= Semmelwrap =

Swedish almond pastry

Semmelwrap is a Swedish pastry.

A semmelwrap is a variation of the Swedish semla, a cardamom-flavoured bun filled with almond paste and whipped cream. The semla is traditionally eaten on Shrove Tuesday. The ingredients of the semmelwrap are similar to those in a standard semla. The key difference between a traditional semla and the semmelwrap is that the dough is rolled thin and baked lightly, so that it can be rolled as a sandwich wrap around the whipped cream and almond paste.

The semmelwrap was invented by Mattias Ljungberg at Tössebageriet, a bakery in Östermalm, Stockholm. It was launched in January 2015 ahead of the semla season. According to Ljungberg the ambition had been to design a semla pastry that one could eat "on the go". The launching of the Semmelwrap quickly became a viral success, with broad coverage in Swedish publishing and social media. By late January 2015 Tössebageriet claimed to be selling around 1,000 Semmelwraps per day.

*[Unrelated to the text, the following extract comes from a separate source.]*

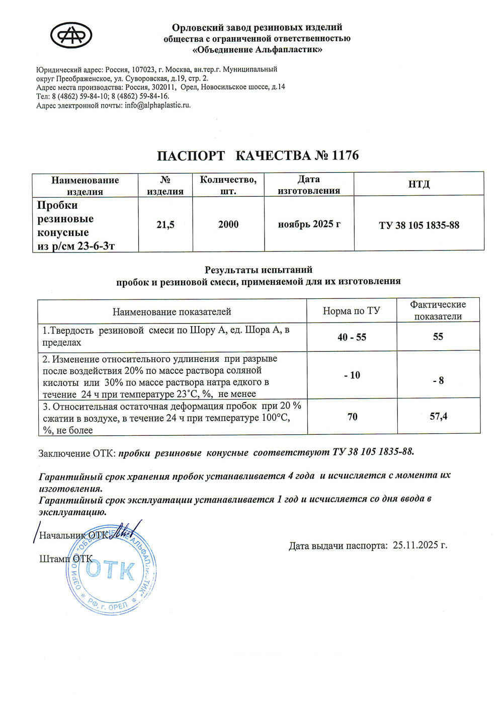 Пробка резиновая конусная № 21,5, уп.50шт

Neither the name nor the design of the pastry were trademark protected by its creator. Other bakeries across the country soon began imitating the concept. However, the habit of eating semla on Shrove Tuesday is a deep-rooted Swedish tradition and the concept of the semmelwrap was met with scepticism by people preferring traditional semlas.

==Etymology==
At the time of the launch of the pastry, the correctness of its name began to be debated. Ljungberg himself insists that the name is "semmelwrap" (i.e. a semla-based wrap). However, the Swedish Institute for Language and Folklore commented on the naming, stating that "wrapsemla" (i.e. a semla shaped as a wrap) or "rullsemla" ("rolled semla") would be more adequate namings.